ACTIVITY: The material below should be copied line for line, please, with pictures omitted.

EXTRACTED MATERIAL:
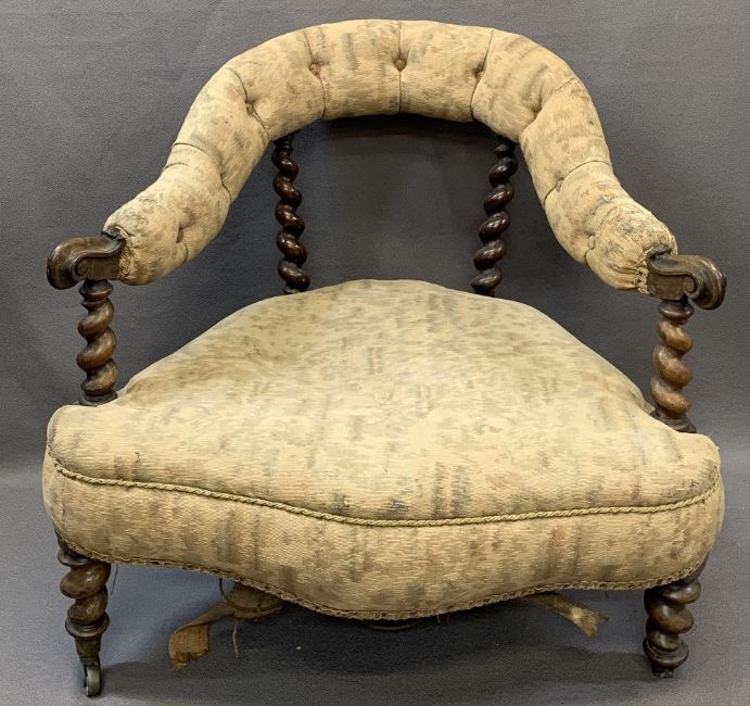 VICTORIAN ROSEWOOD PARLOUR CHAIR with barley twist supports and button upholstered top rail, 66cms H, 69cms overall W, 52cms seat D, 31cms floor to seat H
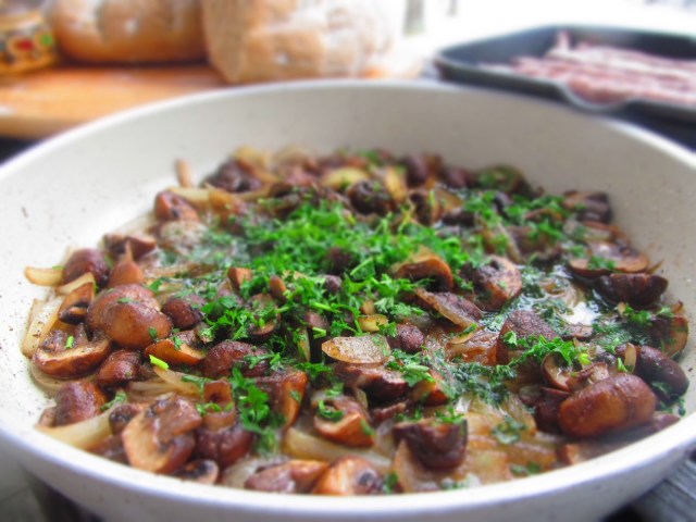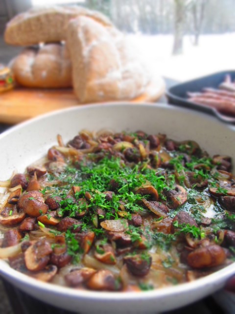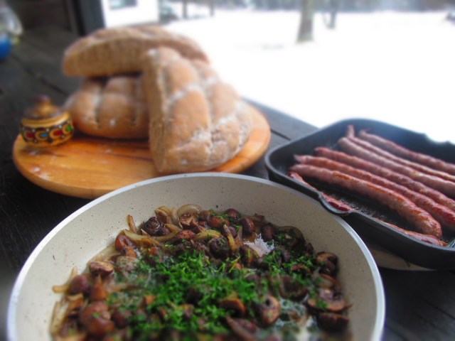А на масата – вкусен домашно изпечен хляб с брашно от спелта /рецепта тук/, банско кърначе купено от новия български магазин в Трир и изпечено на грил тигана /за скарата е доста студено, пък и снегът я затрупа/, великденска салата /рецепта тук/ и…вкусно тиганче с хрупкави гъби.
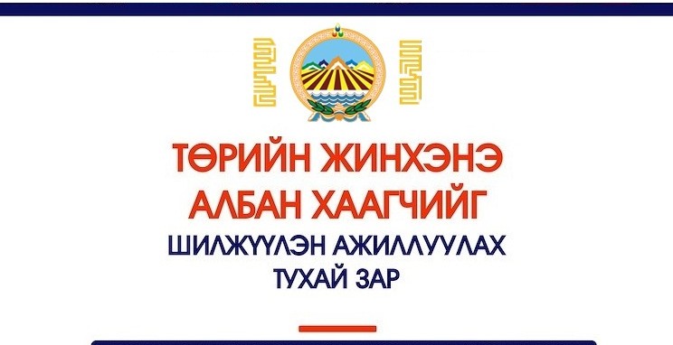 ТӨРИЙН ЖИНХЭНЭ АЛБАН ХААГЧИЙГ ШИЛЖҮҮЛЭХ, СЭЛГЭН АЖИЛЛУУЛАХ ТУХАЙ ЗАР
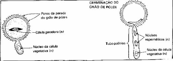 Após a polinização inicia-se a germinação do grão de pólen. Forma-se o tubo polínico que crescem penetrando no estilete em direção ao ovário. À medida que isto ocorre, a célula geradora e o núcleo da célula vegetativa (núcleo vegetativo) migram para o tubo polínico. A célula geradora sofre divisão mitótica e dá origem a dois núcleos espermáticos, que são os gametas masculinos.
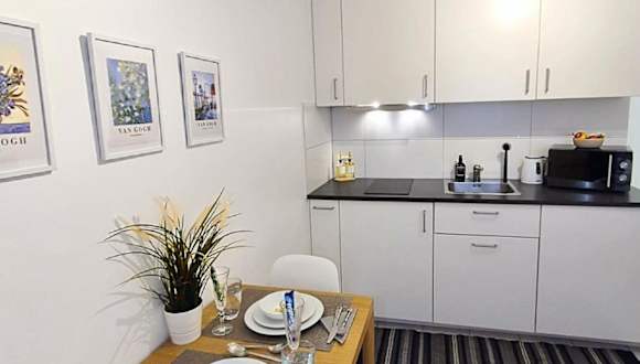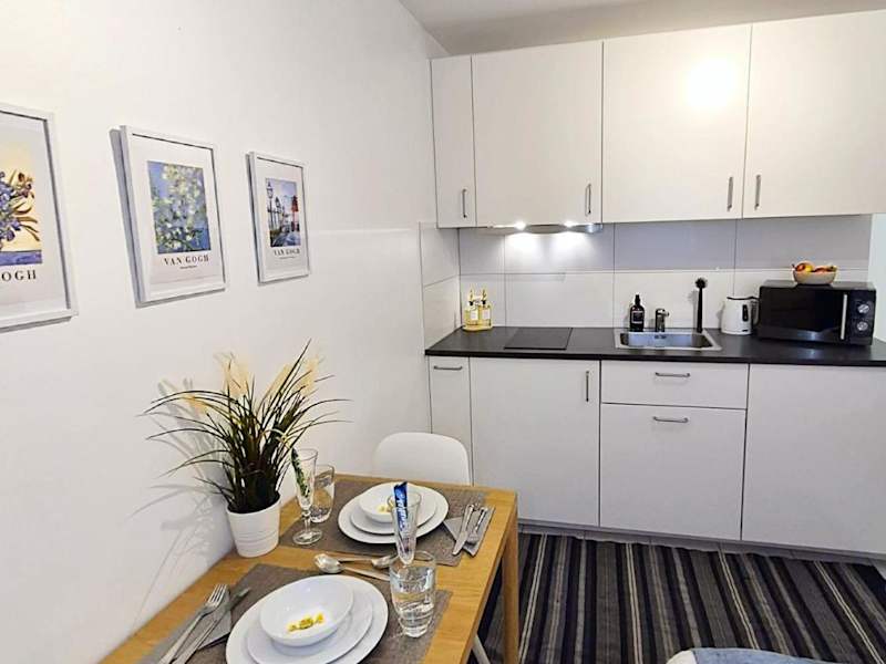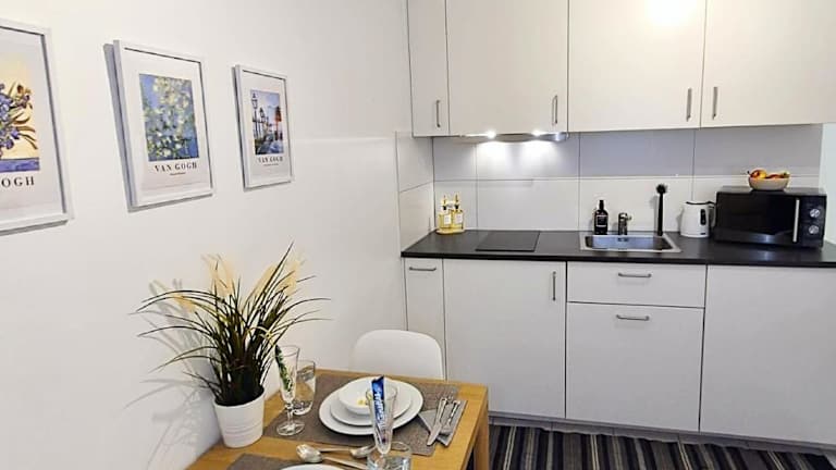 Das Studio verfügt über 1 Schlafzimmer, eine gut ausgestattete Küche mit Kühlschrank und Ofen sowie ein Badezimmer mit Dusche und kostenlosen Pflegeprodukten. Handtücher und Bettwäsche werden bereitgestellt. Die Unterkunft bietet eine Nichtraucherumgebung und stellt sicher, dass die hygienischen Standards entsprechend den Richtlinien der Behörden eingehalten werden.

SOLUTION TO THE EXERCISE:
 VICTORIAN ROSEWOOD PARLOUR CHAIR with barley twist supports and button upholstered top rail, 66cms H, 69cms overall W, 52cms seat D, 31cms floor to seat H
А на масата – вкусен домашно изпечен хляб с брашно от спелта /рецепта тук/, банско кърначе купено от новия български магазин в Трир и изпечено на грил тигана /за скарата е доста студено, пък и снегът я затрупа/, великденска салата /рецепта тук/ и…вкусно тиганче с хрупкави гъби.
 ТӨРИЙН ЖИНХЭНЭ АЛБАН ХААГЧИЙГ ШИЛЖҮҮЛЭХ, СЭЛГЭН АЖИЛЛУУЛАХ ТУХАЙ ЗАР
 Após a polinização inicia-se a germinação do grão de pólen. Forma-se o tubo polínico que crescem penetrando no estilete em direção ao ovário. À medida que isto ocorre, a célula geradora e o núcleo da célula vegetativa (núcleo vegetativo) migram para o tubo polínico. A célula geradora sofre divisão mitótica e dá origem a dois núcleos espermáticos, que são os gametas masculinos.
 Das Studio verfügt über 1 Schlafzimmer, eine gut ausgestattete Küche mit Kühlschrank und Ofen sowie ein Badezimmer mit Dusche und kostenlosen Pflegeprodukten. Handtücher und Bettwäsche werden bereitgestellt. Die Unterkunft bietet eine Nichtraucherumgebung und stellt sicher, dass die hygienischen Standards entsprechend den Richtlinien der Behörden eingehalten werden.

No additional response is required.